Y también nuestra cultura política posee una evidente propensión a la democracia plebiscitaria. La vigente Constitución instauró formalmente un parlamentarismo proporcional, que en la práctica se convierte en monopolio del poder ejercido por el jefe del partido mayoritario sin efectiva separación de poderes. Así sucedió con la mayoría absoluta del presidente González y así está sucediendo inexorablemente con la mayoría absoluta del presidente Aznar. Pues en nuestro plebiscitario sistema, el ungido por las urnas se siente con derecho a proclamar: el Estado soy yo. De ahí el impúdico yoyeo que al decir de Arcadi Espada tanto indigna a Sánchez Ferlosio.

Ahora, el presidente Aznar se ha puesto plazo para coronar su obra de gobierno. Por eso tiene prisa para imponer el cumplimiento de su última voluntad en los años que restan de legislatura absoluta. Siempre con el yo por delante, por supuesto: al igual que yo doblegué a González o el BBV, yo doblegaré a Pujol e Ibarretxe; yo doblegaré Marruecos y Gibraltar; yo doblegaré el botellón y la cuenca del Ebro; yo doblegaré las cajas de ahorro, jubilando anticipadamente a los desafectos; yo doblegaré la enseñanza progresista, reconvirtiéndola al cristianismo, y yo doblegaré a los sindicatos, imponiéndoles mi desregulación laboral. Y la urgencia se demuestra en el caso Liaño, sin tiempo de esperar a que se extingan sus antecedentes penales, porque tras retirarse Aznar ya no podría sostener como ahora: yo doblego a la justicia porque yo repongo de juez a Liaño.
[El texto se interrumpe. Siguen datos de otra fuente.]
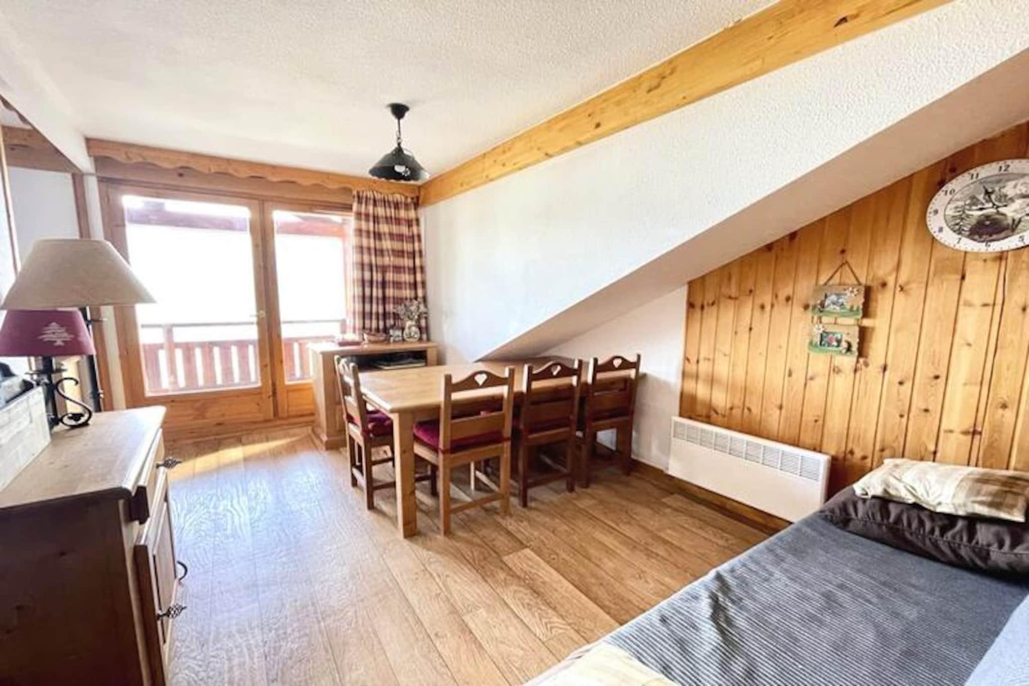Højt over den maleriske dal Puy Saint Vincent inviterer denne dejlige lejlighed dig til at opleve charmen ved de franske alper i enhver sæson. Med sin hyggelige atmosfære og fantastiske udsigt fra den private balkon er det det perfekte tilflugtssted for familier eller små grupper, der søger både eventyr og afslapning midt i et betagende alpint landskab. Uanset om det er dækket af sne eller badet i sommersolskin, tilbyder det omkringliggende landskab uendelige muligheder for udforskning og nydelse. \n\nIndenfor er lejligheden omhyggeligt designet til at rumme 4-6 gæster. Stuen har en komfortabel sovesofa, en spiseplads og et fladskærms-tv, hvilket skaber et indbydende rum at slappe af efter en dag med aktiviteter. Det fuldt udstyrede køkken inkluderer moderne apparater såsom en kombineret mikrobølgeovn/ovn, opvaskemaskine og endda en raclette-grill for en ægte smag af regionen. Sovearrangementerne er lige så indbydende med et soveværelse med dobbeltseng og et andet soveværelse med to sæt køjesenge, alt suppleret med rigelig opbevaringsplads. Et separat badeværelse og toilet bidrager til bekvemmeligheden, mens balkonen tilbyder et roligt sted at nippe til din morgenkaffe eller nyde en aften under stjernerne.\n\nLa Dame Blanche-residensen forbedrer dit ophold med direkte adgang til skipisten, en opvarmet udendørs pool (åben om sommeren) og en sauna for ultimativ afslapning. Faciliteterne på stedet inkluderer en restaurant, et bageri og en skiudlejningsbutik, der sikrer, at alt hvad du behøver er inden for rækkevidde. For dem, der rejser med små børn, kan babyudstyr lejes, og overdækket parkering kan reserveres for ekstra bekvemmelighed.\n\nUanset om du snor dig gennem frisk puddersne om vinteren eller vandrer på de frodige stier i Écrins Nationalpark om sommeren, er denne charmerende alpine oase din port til uforglemmelige eventyr. Oplev magien ved Puy Saint Vincent og skab minder, der vil vare hele livet.

Semejante yoísmo alcanza su cumbre en la imposición de la Ley de Partidos, con la que Aznar pretende realizar una carambola a cuatro bandas, pues simultáneamente espera decir: yo obligué al PSOE a firmar mi ley; yo me adelanté a Garzón ilegalizando a Batasuna; yo impedí que el PNV se apuntara el tanto de vaciar electoralmente a Batasuna, y, al frente de mi grupo parlamentario, yo doblegué a Batasuna. Pero un yoísmo tan delirante no surge de la neurosis, sino de la posición que ocupa un mandatario político que, habiendo renunciado a presentarse a su reelección, ya no puede hacer promesas futuras, por lo que ha de dejarlo todo atado y bien atado antes de retirarse. O dicho como el rey Sol: después de mí, el diluvio. Y que carguen con las consecuencias mis sucesores. De ahí que éstos se prevengan buscando antes la paz digital por lo que pueda pasar.